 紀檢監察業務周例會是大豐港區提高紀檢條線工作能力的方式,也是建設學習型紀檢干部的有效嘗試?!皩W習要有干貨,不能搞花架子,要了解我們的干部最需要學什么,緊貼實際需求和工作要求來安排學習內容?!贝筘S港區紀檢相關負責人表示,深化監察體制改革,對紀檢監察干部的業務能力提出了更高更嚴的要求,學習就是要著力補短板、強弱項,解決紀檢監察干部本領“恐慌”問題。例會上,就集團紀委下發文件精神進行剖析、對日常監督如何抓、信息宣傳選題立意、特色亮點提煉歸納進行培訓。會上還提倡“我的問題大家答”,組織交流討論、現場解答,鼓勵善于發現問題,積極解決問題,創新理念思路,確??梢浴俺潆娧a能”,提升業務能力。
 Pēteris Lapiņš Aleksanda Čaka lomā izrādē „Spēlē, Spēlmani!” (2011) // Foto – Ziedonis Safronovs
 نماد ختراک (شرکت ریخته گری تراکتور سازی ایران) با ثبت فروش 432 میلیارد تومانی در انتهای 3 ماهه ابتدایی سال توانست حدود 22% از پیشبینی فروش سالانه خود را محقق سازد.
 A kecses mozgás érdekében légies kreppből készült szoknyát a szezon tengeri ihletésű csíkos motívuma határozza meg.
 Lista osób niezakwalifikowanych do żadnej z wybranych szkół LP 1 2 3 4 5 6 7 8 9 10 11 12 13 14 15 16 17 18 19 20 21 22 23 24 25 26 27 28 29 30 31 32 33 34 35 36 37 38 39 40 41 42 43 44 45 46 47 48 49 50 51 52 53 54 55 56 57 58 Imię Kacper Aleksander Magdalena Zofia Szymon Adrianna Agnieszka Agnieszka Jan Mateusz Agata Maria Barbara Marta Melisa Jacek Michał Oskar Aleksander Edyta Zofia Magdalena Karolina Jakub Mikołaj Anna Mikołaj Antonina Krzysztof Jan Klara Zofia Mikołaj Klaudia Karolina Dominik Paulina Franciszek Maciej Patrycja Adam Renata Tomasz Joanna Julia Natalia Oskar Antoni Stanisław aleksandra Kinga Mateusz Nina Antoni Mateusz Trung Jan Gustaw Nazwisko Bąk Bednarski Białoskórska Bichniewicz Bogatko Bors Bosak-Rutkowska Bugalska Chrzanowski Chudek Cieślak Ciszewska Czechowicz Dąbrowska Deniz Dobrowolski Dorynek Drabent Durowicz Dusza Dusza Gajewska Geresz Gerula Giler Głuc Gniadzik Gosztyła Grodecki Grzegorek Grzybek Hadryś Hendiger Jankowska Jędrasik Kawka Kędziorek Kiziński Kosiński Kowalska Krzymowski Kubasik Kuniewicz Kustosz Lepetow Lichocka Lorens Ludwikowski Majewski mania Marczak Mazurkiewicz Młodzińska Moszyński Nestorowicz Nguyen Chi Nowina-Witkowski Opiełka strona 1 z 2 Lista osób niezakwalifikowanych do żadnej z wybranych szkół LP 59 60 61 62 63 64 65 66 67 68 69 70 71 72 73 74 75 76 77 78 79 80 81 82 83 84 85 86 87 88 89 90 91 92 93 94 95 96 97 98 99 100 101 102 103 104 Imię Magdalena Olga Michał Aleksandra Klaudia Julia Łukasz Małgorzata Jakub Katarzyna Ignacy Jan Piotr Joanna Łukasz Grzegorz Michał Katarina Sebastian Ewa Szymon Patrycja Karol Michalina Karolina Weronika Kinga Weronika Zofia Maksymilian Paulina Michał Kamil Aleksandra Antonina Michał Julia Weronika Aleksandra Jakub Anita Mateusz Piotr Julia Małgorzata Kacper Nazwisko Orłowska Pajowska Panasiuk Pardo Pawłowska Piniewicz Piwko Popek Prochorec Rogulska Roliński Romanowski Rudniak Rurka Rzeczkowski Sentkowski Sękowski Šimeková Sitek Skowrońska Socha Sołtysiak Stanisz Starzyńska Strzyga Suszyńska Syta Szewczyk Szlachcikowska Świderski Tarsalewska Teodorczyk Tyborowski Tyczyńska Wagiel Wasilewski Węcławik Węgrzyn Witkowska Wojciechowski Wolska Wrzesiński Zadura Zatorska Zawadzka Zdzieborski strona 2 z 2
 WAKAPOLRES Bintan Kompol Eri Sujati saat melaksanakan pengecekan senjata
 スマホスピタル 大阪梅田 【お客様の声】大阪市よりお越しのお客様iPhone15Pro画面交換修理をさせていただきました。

════

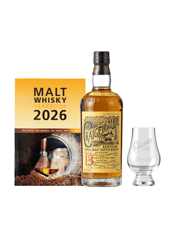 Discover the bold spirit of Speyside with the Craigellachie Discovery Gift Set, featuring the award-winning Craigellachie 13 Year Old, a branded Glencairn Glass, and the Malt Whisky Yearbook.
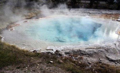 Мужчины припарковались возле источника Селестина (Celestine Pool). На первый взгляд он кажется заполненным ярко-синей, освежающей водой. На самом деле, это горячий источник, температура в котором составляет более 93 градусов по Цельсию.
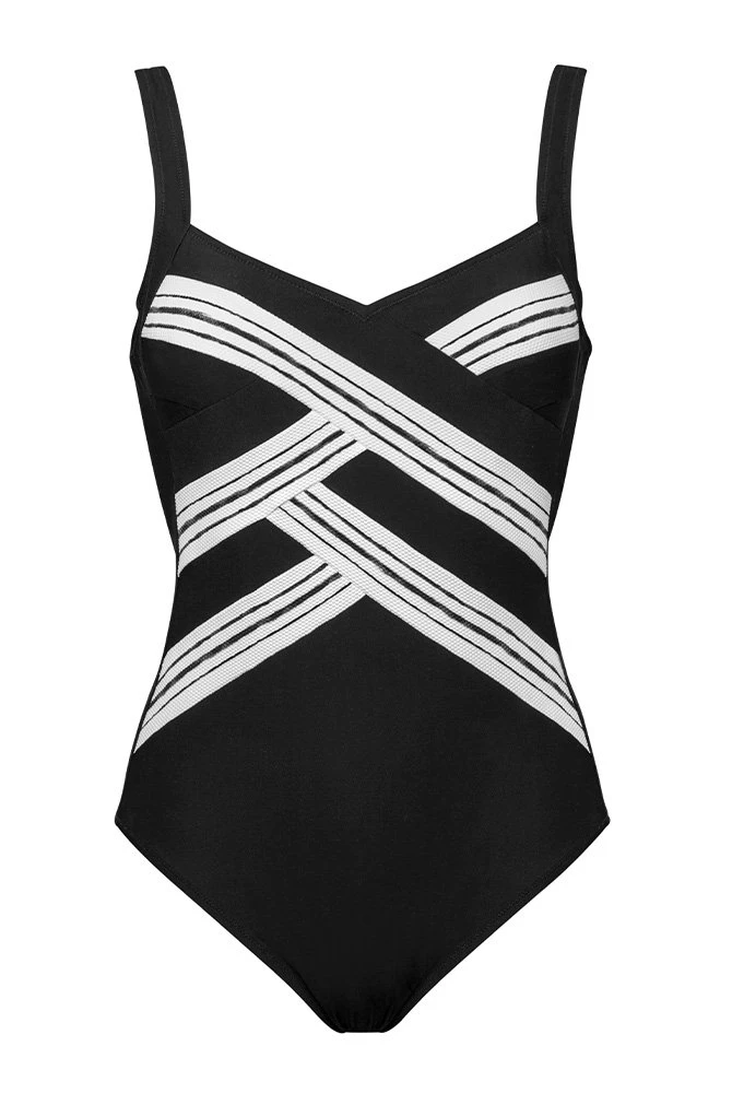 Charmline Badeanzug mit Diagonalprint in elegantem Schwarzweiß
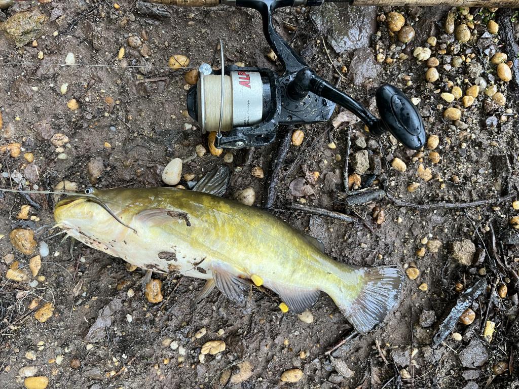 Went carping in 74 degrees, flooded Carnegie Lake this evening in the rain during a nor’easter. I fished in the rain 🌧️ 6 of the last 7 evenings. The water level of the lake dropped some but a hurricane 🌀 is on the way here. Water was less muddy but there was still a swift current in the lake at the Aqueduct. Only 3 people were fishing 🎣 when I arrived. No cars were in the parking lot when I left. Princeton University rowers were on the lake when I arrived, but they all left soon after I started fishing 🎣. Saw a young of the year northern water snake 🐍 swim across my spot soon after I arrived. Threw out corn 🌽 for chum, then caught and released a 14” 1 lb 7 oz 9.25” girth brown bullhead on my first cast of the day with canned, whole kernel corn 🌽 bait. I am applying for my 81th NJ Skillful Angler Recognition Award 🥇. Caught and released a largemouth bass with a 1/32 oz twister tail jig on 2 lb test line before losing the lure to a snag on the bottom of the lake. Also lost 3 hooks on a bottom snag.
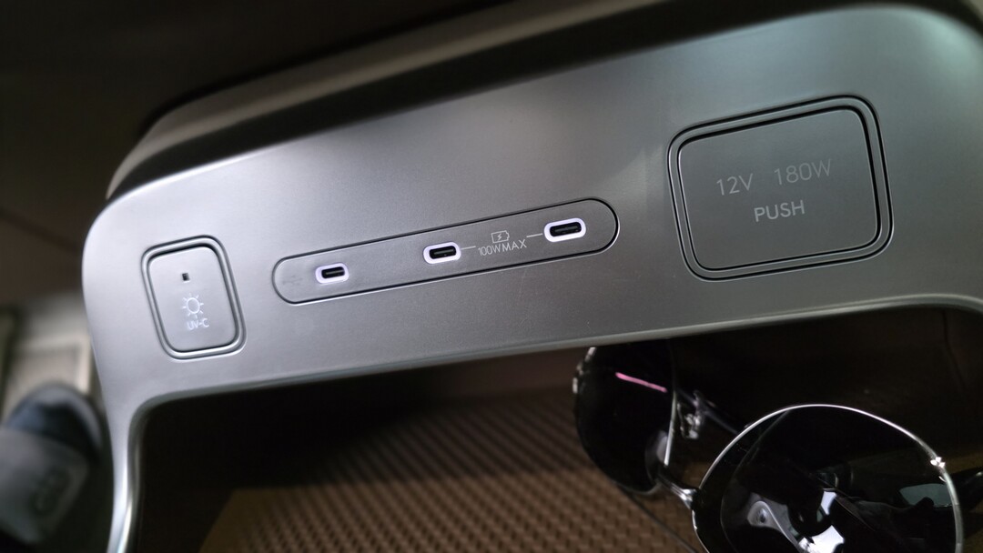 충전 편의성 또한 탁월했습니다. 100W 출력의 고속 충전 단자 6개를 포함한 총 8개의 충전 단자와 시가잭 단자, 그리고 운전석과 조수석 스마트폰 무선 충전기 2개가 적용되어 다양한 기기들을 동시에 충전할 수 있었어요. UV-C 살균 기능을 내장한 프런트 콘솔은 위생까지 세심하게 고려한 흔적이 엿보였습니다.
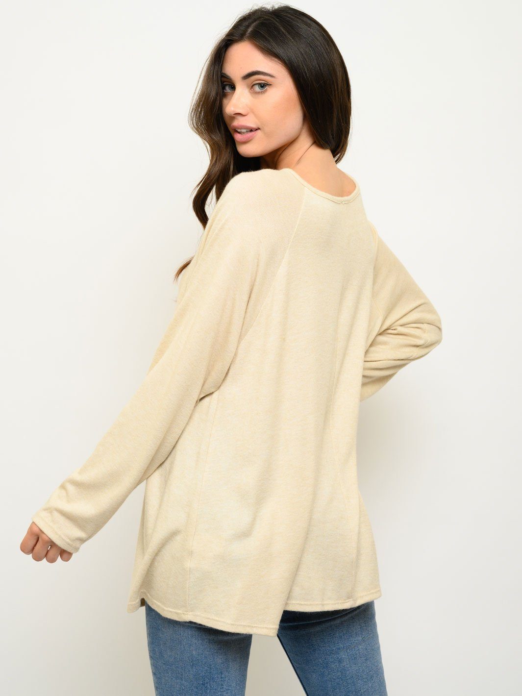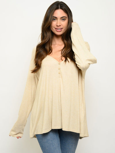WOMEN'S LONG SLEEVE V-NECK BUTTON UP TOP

════

## PROBLEM DETAILS
Write out exactly the lines that fall from the line with "نماد ختراک (شرکت" to the line with "A kecses mozgás" in the records above, keeping both ends.

## RESPONSE TO THE EXERCISE
 نماد ختراک (شرکت ریخته گری تراکتور سازی ایران) با ثبت فروش 432 میلیارد تومانی در انتهای 3 ماهه ابتدایی سال توانست حدود 22% از پیشبینی فروش سالانه خود را محقق سازد.
 A kecses mozgás érdekében légies kreppből készült szoknyát a szezon tengeri ihletésű csíkos motívuma határozza meg.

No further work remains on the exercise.